What types of collateral/security are typically granted to investors in a securitisation in your jurisdiction?

Pursuant to the AMBS legislation, the assets of a fund or MFI are segregated from the assets of their founder, servicer and originators, and cannot be disposed of for any purpose whatsoever, even if the management or audit of their founder, servicer or the originators are transferred to public authorities. They cannot be subject to attachment, made subject to interim injunction or included in the bankruptcy estate even for the collection of public receivables until the AMBSs are redeemed in full. Neither can assets of the fund nor MFI be pledged or otherwise designated as collateral except for the purpose of taking loans, entering into derivative transactions or similar transactions on behalf of the fund or MFI. Furthermore, pursuant to the AMBS legislation, the founder or MFI, or legal entities that are permitted to be founders, can partially or fully guarantee the payments. Payments can also be partially or fully insured by insurance companies.

There are certain requirements related to security. For example, where the asset is auto loan or mortgage, the related registry records should show that the pledgee is the fund or MFI based on the transfer from the originator to the fund.

For offshore securitisation transactions, DPRs have been the most common asset used to date as per our foregoing explanations. Therefore, the ownership of the SPV is secured with acknowledgements executed by the correspondent banks of the originator as well as the pledge arrangements. Accordingly, the correspondent banks transfer the collections directly to the SPV’s account, which is pledged (in the name of the indenture trustee) for the benefit of the investors.
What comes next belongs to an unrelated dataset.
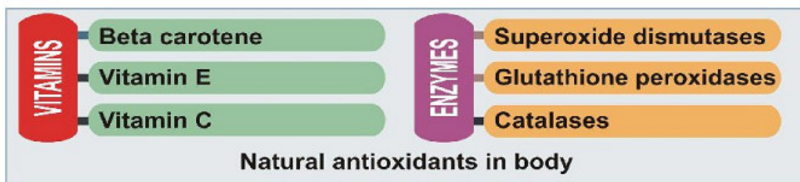
Fig. 1 NATURAL ANTIOXIDANTS IN BODY

How is the interest of investors in a securitisation in the underlying security perfected in your jurisdiction?

See question 25.


How do investors enforce their security interest?
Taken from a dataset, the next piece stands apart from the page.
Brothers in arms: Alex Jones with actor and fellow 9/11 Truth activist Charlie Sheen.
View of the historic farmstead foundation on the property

For the purpose of AMBS legislation, since the fund or MFI owns the assets to be used exclusively to repay the notes, the investors can always make recourse to such assets in case any default occurs on the notes. However, certain regulatory protection exists. Accordingly, in the event that the issuer suffers from repayment difficulties as a consequence of the failure of its board to duly perform its duties under the Communiqué, the CMB may require the board to be changed. If the repayment difficulties continue even after such change, the CMB may determine transfer of the issuer to another bank, MFI or intermediary institution. However, if the founder has provided a sufficient guarantee, the founder can continue repaying in accordance with the repayment terms. To sum up, investors can make recourse to the founder for the repayments that cannot be met from the proceeds of the portfolio assets.

Commingling risk

Is commingling risk relating to collections an issue in your jurisdiction?

As per the AMBS legislation, it is clearly indicated that assets of the fund or the MFI are separate from assets of the originator, the founder or the MFI. Also, the collections from the portfolio are assets of the fund or MFI and shall be transferred to a separate bank account opened in the name of the fund or MFI, promptly after collection. Therefore, in theory, there is no commingling risk since the collections directly pass to the fund or MFI.
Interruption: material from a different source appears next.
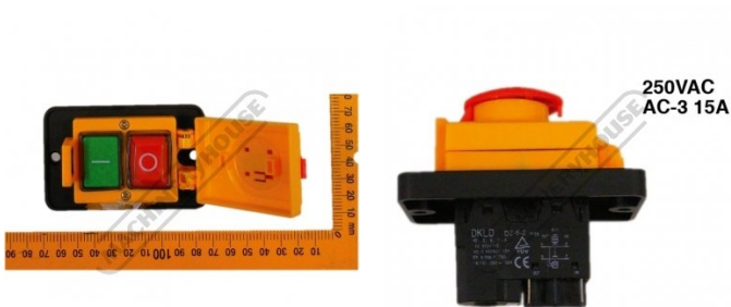
2BC0226 Switch 250V Lid Open

For offshore securitisations, since DPRs have been heavily used as asset types that do not comingle in the assets of the originator by nature, comingling risk has not been a major concern. For other asset types, it is of importance to ensure separation or actual transfer of the assets to SPV with sufficient control in practice in order to avoid any comingling risk or challenging arguments of assignment or sale since there is not clear legislative protection for offshore securitisations.